Give again, word for word, the lines below that run from the line with "Кокосы на зеленой траве крупным планом" through the line with "上記の書類と共に法務省所定の". Drop the pictures.

Supplied records:
────────────────
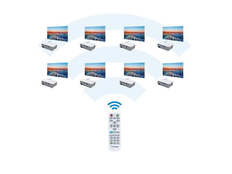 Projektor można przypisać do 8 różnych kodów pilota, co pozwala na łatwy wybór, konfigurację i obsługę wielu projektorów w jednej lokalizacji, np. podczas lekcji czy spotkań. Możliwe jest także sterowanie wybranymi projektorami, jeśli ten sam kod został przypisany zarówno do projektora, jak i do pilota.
────────────────
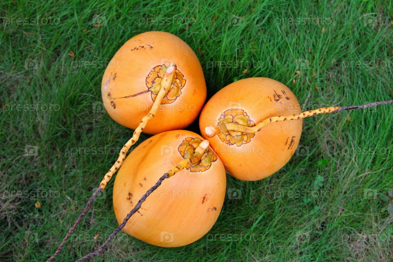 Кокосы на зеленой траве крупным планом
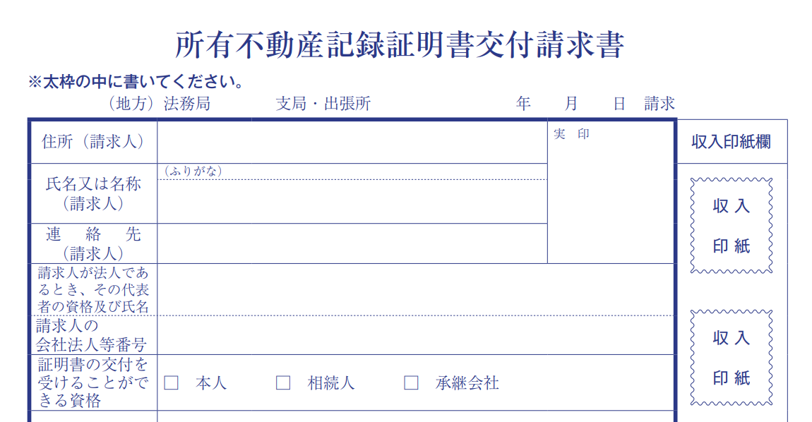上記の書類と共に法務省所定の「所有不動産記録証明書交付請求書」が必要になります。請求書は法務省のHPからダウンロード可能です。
────────────────
Response area:
 Кокосы на зеленой траве крупным планом
上記の書類と共に法務省所定の「所有不動産記録証明書交付請求書」が必要になります。請求書は法務省のHPからダウンロード可能です。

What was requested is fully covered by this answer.